Untuk urusan performa, Wuling Mitra EV ditenagai oleh baterai jenis Lithium Iron Phosphate (LFP) yang dikenal akan ketahanan dan efisiensinya. Tersedia dua pilihan kapasitas baterai: 41,9 kWh untuk model Minibus Long Range dan 56,2 kWh untuk model Minibus Premium Range. Perbedaan kapasitas ini tentu berdampak pada daya jelajah kendaraan. Dengan baterai 41,9 kWh, angkot listrik ini mampu menempuh jarak hingga 300 km dalam kondisi penuh, sementara varian 56,2 kWh menawarkan jangkauan lebih jauh hingga 400 km. Jarak tempuh yang substansial ini sangat ideal untuk operasional angkot yang seringkali menempuh rute panjang dalam sehari, mengurangi kebutuhan pengisian daya yang terlalu sering.
Kecepatan pengisian daya juga menjadi salah satu keunggulan Wuling Mitra EV. Kendaraan ini mendukung pengisian cepat menggunakan standar charger CCS2, memungkinkan pengisian daya dari 30 persen hingga 80 persen hanya dalam waktu sekitar 30 menit. Fitur pengisian cepat ini krusial untuk menjaga efisiensi operasional angkot, meminimalkan waktu tunggu di stasiun pengisian dan memaksimalkan waktu layanan di jalan.
Motor listrik yang menggerakkan roda belakang Wuling Mitra EV menghasilkan tenaga sebesar 75 kW dengan torsi puncak mencapai 180 Nm. Performa ini memastikan akselerasi yang responsif dan kemampuan menanjak yang handal, sangat penting untuk kondisi lalu lintas perkotaan yang dinamis. Pengemudi juga memiliki fleksibilitas untuk memilih mode berkendara yang sesuai, antara lain Eco untuk efisiensi maksimal, Normal untuk keseimbangan, dan Sport untuk performa yang lebih agresif. Kecepatan tertinggi angkot listrik ini mencapai 115 km/jam, lebih dari cukup untuk kebutuhan transportasi dalam kota.
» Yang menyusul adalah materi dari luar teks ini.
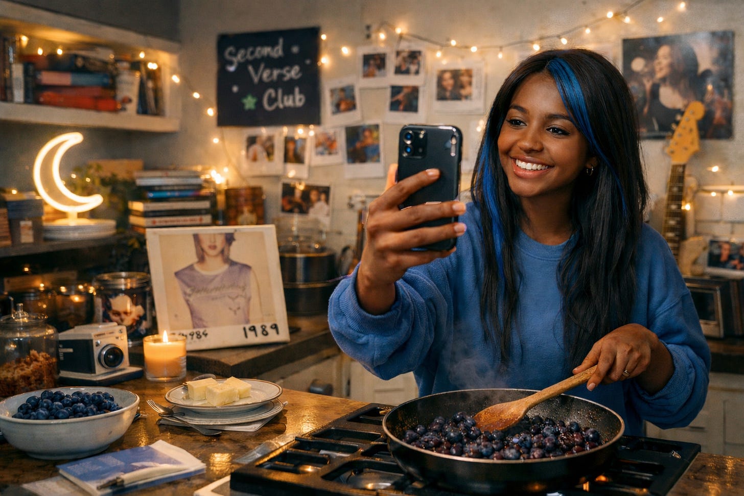 One of her most shared recipes is a Midnight Blueberry Crumble, inspired by Taylor Swift’s “You’re On Your Own, Kid.” Soft. Familiar. A little emotional. The kind of dish you make for yourself, not for performance.
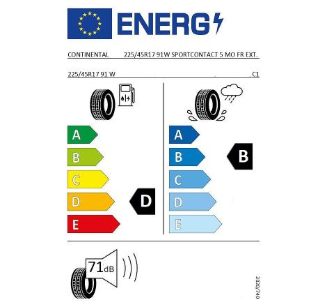 CONTINENTAL 225/45R17 91W SPORTCONTACT 5 MO FR EXT. 225/45R17 91W RUNFLAT
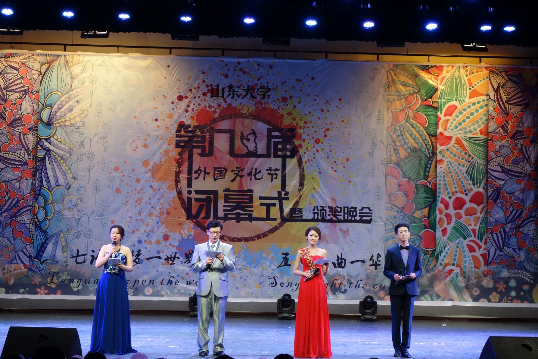 5月16日晚,山东大学第九届外国文化节闭幕式暨颁奖晚会在中心校区圣昆仑音乐厅举行。校本科生院院长赵炳新,本科生院教务管理办公室主任齐炳和,校国际事务部副部长宋春玲,校团委副书记张熙,艺术学院党委书记史永志,济南外国语学校高中部校长刘汉路,外国语学院党委书记郑倩,院长王俊菊,副院长李建刚和副书记高弟出席闭幕式。本次晚会为观众奉献了一场精彩绝伦的视听盛宴,并为在活动中脱颖而出的获奖者颁奖。
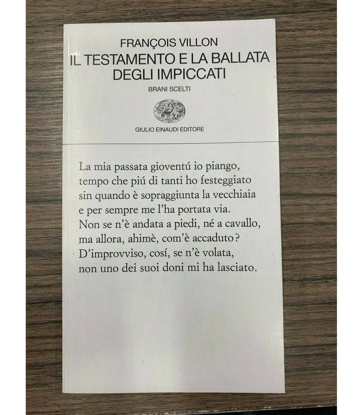 Brani scelti. Torino. Einaudi 2010, 16°, pp. 42. Collezione poesia.
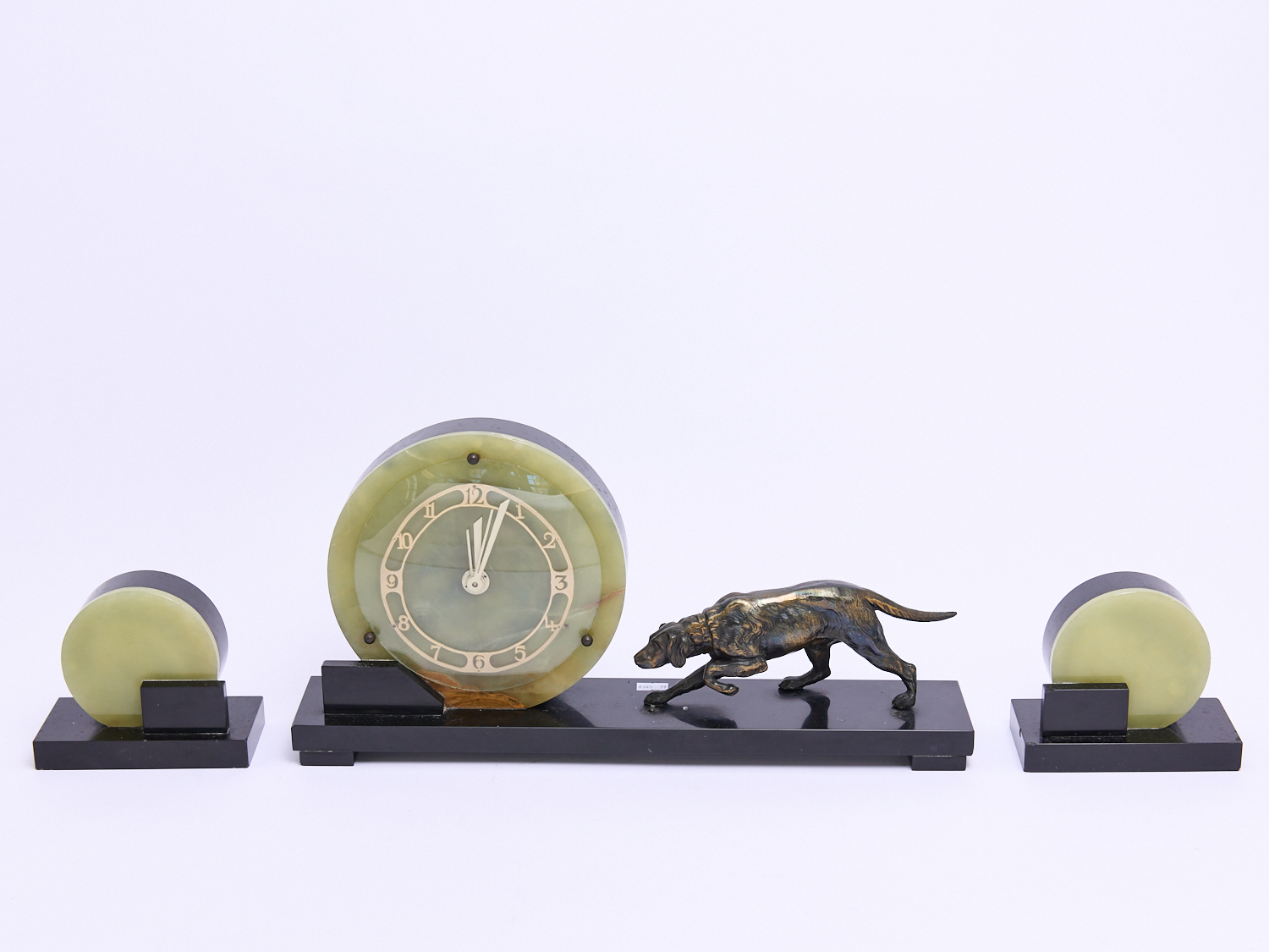 AN ART DECO ONYX AND SPELTER DOG ADORNED THREE-PIECE CLOCK GARNIATURE (A/F) W.45CM (LARGEST), LEONARD JOEL LOCAL DELIVERY: MEDIUM

Transisi ke angkot listrik di Depok bukan hanya sekadar perubahan jenis kendaraan, melainkan sebuah manifestasi dari visi kota modern yang peduli terhadap lingkungan dan kesejahteraan warganya. Dengan mengintegrasikan teknologi kendaraan listrik ke dalam sistem transportasi publik, Depok tidak hanya berinvestasi pada solusi yang lebih bersih dan efisien, tetapi juga membangun masa depan mobilitas yang lebih mudah diakses dan berkelanjutan bagi semua. Inisiatif ini diharapkan menjadi model inspiratif bagi kota-kota lain di Indonesia dalam upaya mereka menuju pengembangan transportasi publik yang lebih hijau dan inklusif.
This article was rewritten using AI technology based on information from oto.detik.com without altering the facts of the original article.